Dujmovic declined to elaborate on the gifts to the bridge corporation when contacted by The Canadian Press.

DJL Construction has been awarded eight contracts worth $12-million between 2008-2012 through a competitive public tender process, according to Jacques Cartier and Champlain Bridge Inc.

Spokesman Jean-Vincent Lacroix said the federal firm is unaware of any of its employees receiving gifts from DJL between 1998 and 2008, although staff turnover made it difficult to know for sure.

"After doing some verification, I also understand that there was a past informal tradition during the holiday season when greeting cards were sometimes accompanied by a bottle of wine," said Lacroix, adding that there was no register for those gifts.

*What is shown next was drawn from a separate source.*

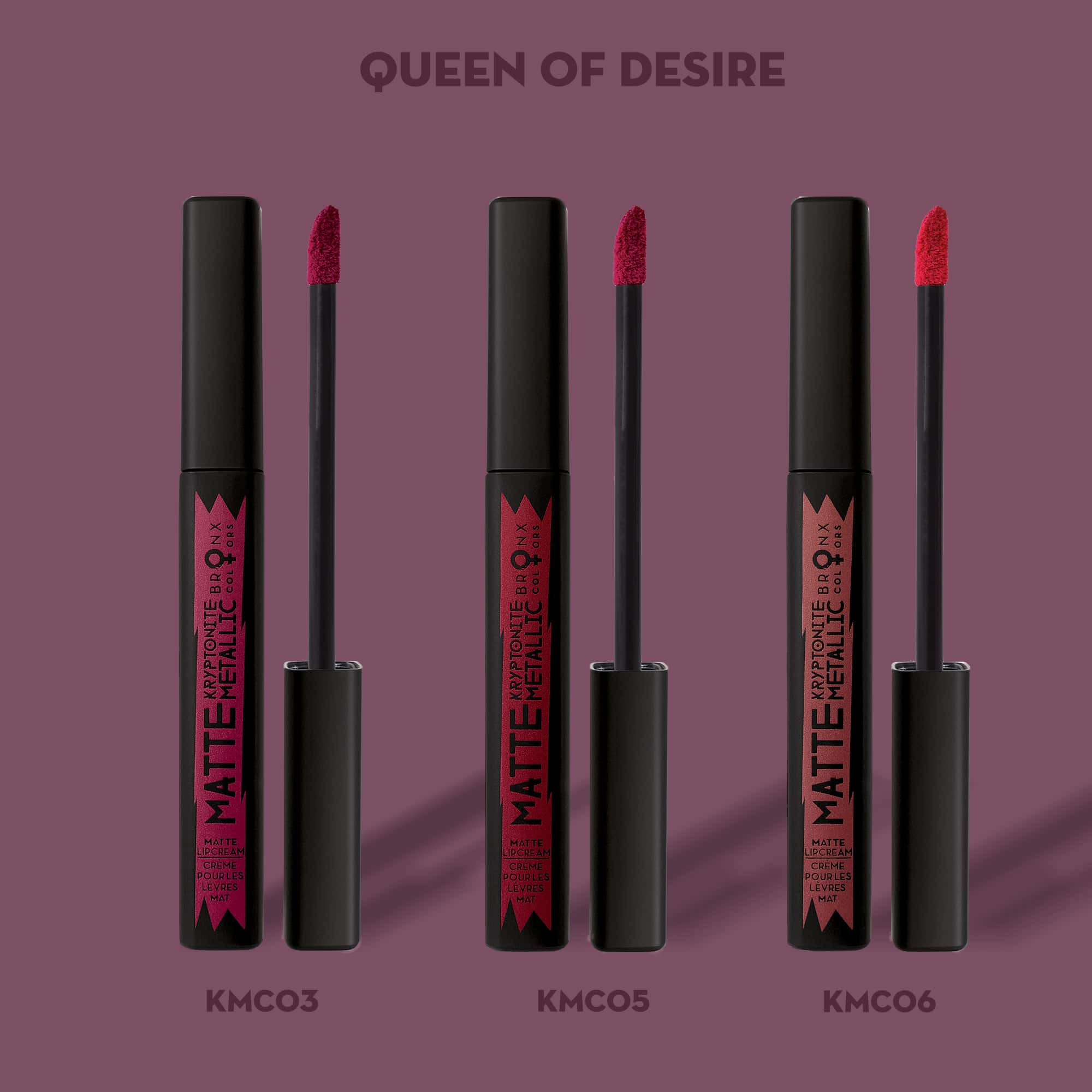 Das Queen of Desire Bundle enthält 3 hochdeckende und reichhaltig pigmentierte matte Lippencremes: KMC03, KMC05, KMC06. Die cremige Textur gleitet sanft über die Lippen und sorgt für ein perfektes, mattes Finish, das stundenlang anhält. Sie kombiniert die Farben, die nur eine Madam tragen würde!

Lebel's office said that the minister has asked his deputy minister to investigate the matter and ensure adherence to ethics rules.

"The expected behaviour for all public servants is clearly outlined in the Values and Ethics Code for the Public Sector," said Lebel's spokesman, Michael Winterburn.

"These standards are taken very seriously and they apply to everyone across the federal government, including employees of Crown corporations.

"If corrections need to be made, we will take the necessary measures."

The new ethics code says public servants must act "at all times with integrity and in a manner that will bear the closest public scrutiny, an obligation that may not be fully satisfied by simply acting within the law."

A similar line appears in the corporation's conflict-of-interest code for administrators.

It also says "an executive should not solicit or accept an economic advantage other than customary gifts, tokens of hospitality or other benefits of low value, except in the case of executory contractual rights, or by virtue of a property right of the administrator(/director)."

That code also prohibits executives from attending any political events, but in 2009 two of the corporation's five directors attended a Conservative fundraiser in Montreal featuring Prime Minister Stephen Harper.

Board president Paul Kefalas and director Serge Martel were at the $150-a-ticket event, which was also attended by several executives from engineering firms that would shortly thereafter bid on a multimillion-dollar contract on Montreal's Champlain Bridge.

The corporation's board itself probed the issue, and concluded no rules had been broken.

The federal scene has popped up a few times recently at the Charbonneau commission, even though the inquiry is not touching on that level of government. One construction industry executive said last week that his firm, Dessau, had used fake billing schemes to funnel money to federal parties.

There were no more details about which parties might have received the cash, how much they received, and when they received it.